# [WORK INSTRUCTION]
Would you repeat the listing below exactly, with no pictures in it?

# [TASK INPUT]
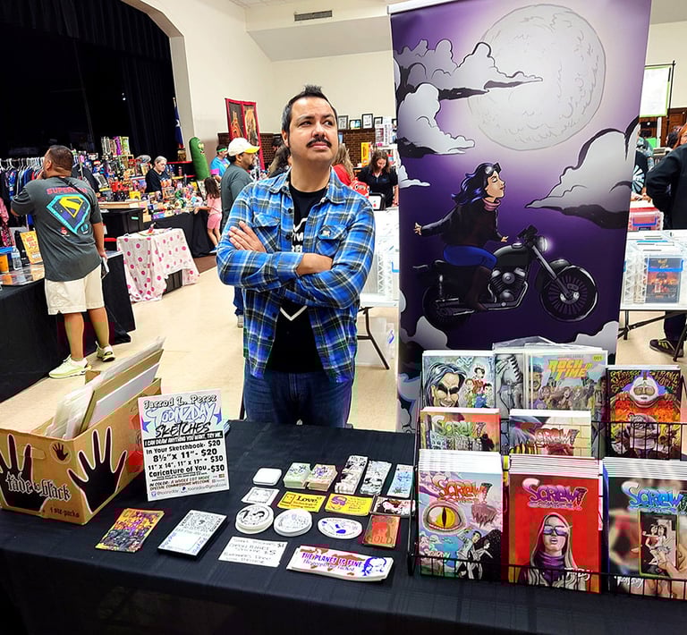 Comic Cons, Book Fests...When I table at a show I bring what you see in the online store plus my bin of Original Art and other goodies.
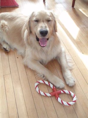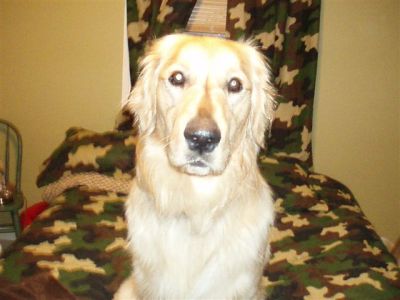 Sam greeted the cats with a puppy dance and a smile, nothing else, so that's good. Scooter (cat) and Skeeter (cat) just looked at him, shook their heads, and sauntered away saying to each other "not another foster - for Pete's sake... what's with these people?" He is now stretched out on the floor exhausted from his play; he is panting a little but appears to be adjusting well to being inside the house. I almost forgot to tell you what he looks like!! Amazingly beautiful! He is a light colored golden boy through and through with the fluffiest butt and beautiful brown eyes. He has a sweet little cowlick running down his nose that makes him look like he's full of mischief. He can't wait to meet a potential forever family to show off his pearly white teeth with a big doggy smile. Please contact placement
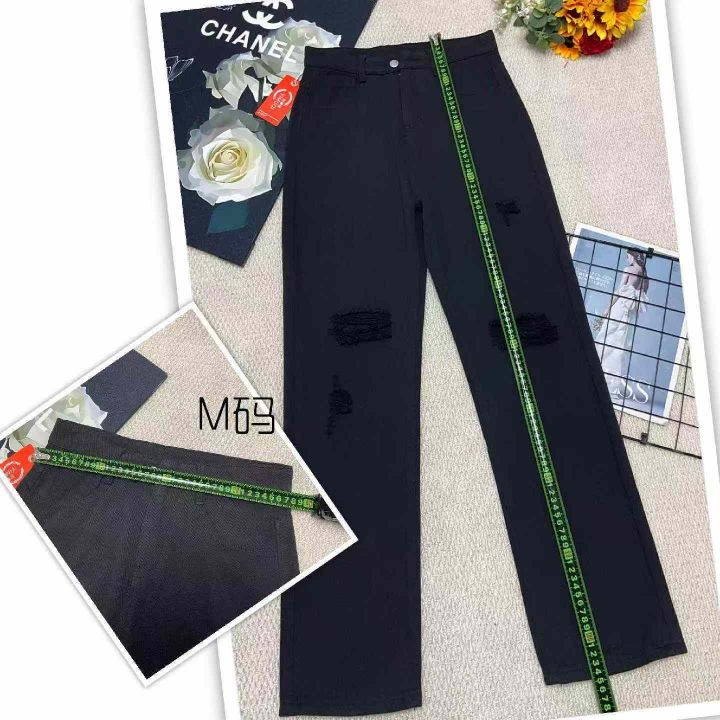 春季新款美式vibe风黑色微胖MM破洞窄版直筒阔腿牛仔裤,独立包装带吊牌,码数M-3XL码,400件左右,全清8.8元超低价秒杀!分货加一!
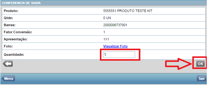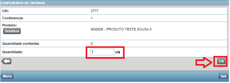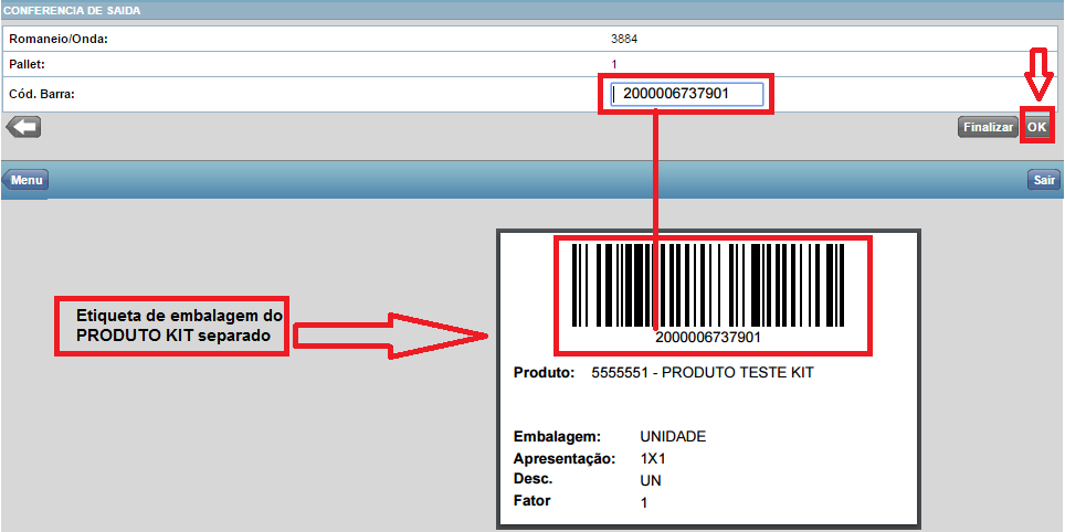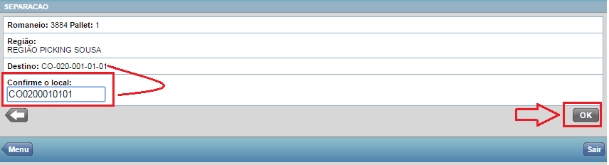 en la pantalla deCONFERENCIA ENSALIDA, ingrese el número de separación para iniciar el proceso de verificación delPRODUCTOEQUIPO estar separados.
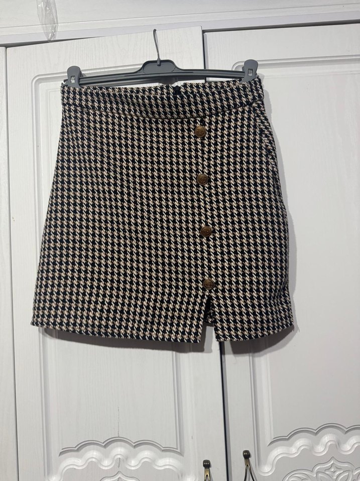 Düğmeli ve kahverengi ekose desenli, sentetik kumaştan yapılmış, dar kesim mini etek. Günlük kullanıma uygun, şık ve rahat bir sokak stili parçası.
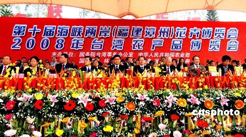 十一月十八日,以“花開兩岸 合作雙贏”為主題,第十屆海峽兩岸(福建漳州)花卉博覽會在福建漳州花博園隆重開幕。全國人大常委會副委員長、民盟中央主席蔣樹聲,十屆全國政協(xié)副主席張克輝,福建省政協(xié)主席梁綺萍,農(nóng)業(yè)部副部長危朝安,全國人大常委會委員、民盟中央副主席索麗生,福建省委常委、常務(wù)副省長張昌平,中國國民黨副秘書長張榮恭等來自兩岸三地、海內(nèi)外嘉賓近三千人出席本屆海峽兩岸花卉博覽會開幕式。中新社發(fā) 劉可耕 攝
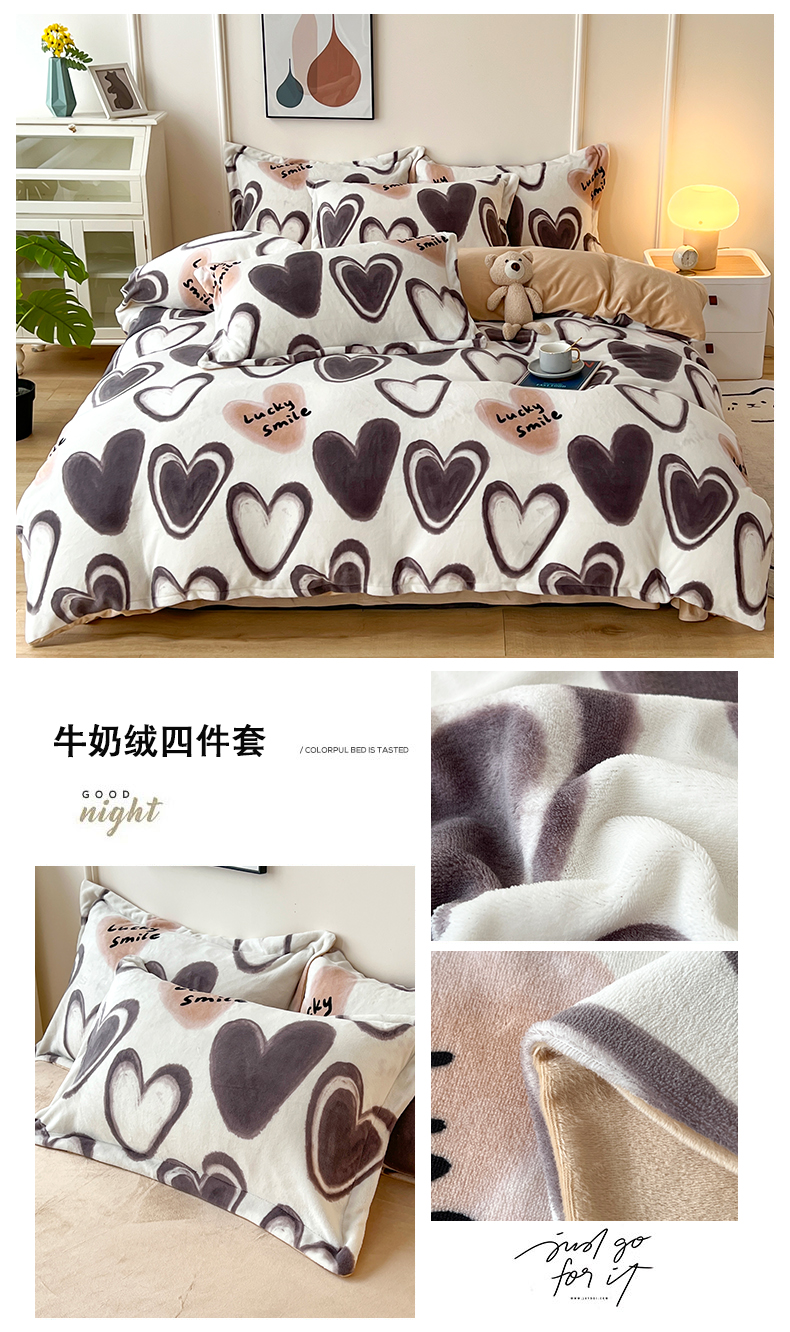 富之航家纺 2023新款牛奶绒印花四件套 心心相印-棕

# [RESPONSE TO THIS EXERCISE]
 Comic Cons, Book Fests...When I table at a show I bring what you see in the online store plus my bin of Original Art and other goodies.
 Sam greeted the cats with a puppy dance and a smile, nothing else, so that's good. Scooter (cat) and Skeeter (cat) just looked at him, shook their heads, and sauntered away saying to each other "not another foster - for Pete's sake... what's with these people?" He is now stretched out on the floor exhausted from his play; he is panting a little but appears to be adjusting well to being inside the house. I almost forgot to tell you what he looks like!! Amazingly beautiful! He is a light colored golden boy through and through with the fluffiest butt and beautiful brown eyes. He has a sweet little cowlick running down his nose that makes him look like he's full of mischief. He can't wait to meet a potential forever family to show off his pearly white teeth with a big doggy smile. Please contact placement
 春季新款美式vibe风黑色微胖MM破洞窄版直筒阔腿牛仔裤,独立包装带吊牌,码数M-3XL码,400件左右,全清8.8元超低价秒杀!分货加一!
 en la pantalla deCONFERENCIA ENSALIDA, ingrese el número de separación para iniciar el proceso de verificación delPRODUCTOEQUIPO estar separados.
 Düğmeli ve kahverengi ekose desenli, sentetik kumaştan yapılmış, dar kesim mini etek. Günlük kullanıma uygun, şık ve rahat bir sokak stili parçası.
 十一月十八日,以“花開兩岸 合作雙贏”為主題,第十屆海峽兩岸(福建漳州)花卉博覽會在福建漳州花博園隆重開幕。全國人大常委會副委員長、民盟中央主席蔣樹聲,十屆全國政協(xié)副主席張克輝,福建省政協(xié)主席梁綺萍,農(nóng)業(yè)部副部長危朝安,全國人大常委會委員、民盟中央副主席索麗生,福建省委常委、常務(wù)副省長張昌平,中國國民黨副秘書長張榮恭等來自兩岸三地、海內(nèi)外嘉賓近三千人出席本屆海峽兩岸花卉博覽會開幕式。中新社發(fā) 劉可耕 攝
 富之航家纺 2023新款牛奶绒印花四件套 心心相印-棕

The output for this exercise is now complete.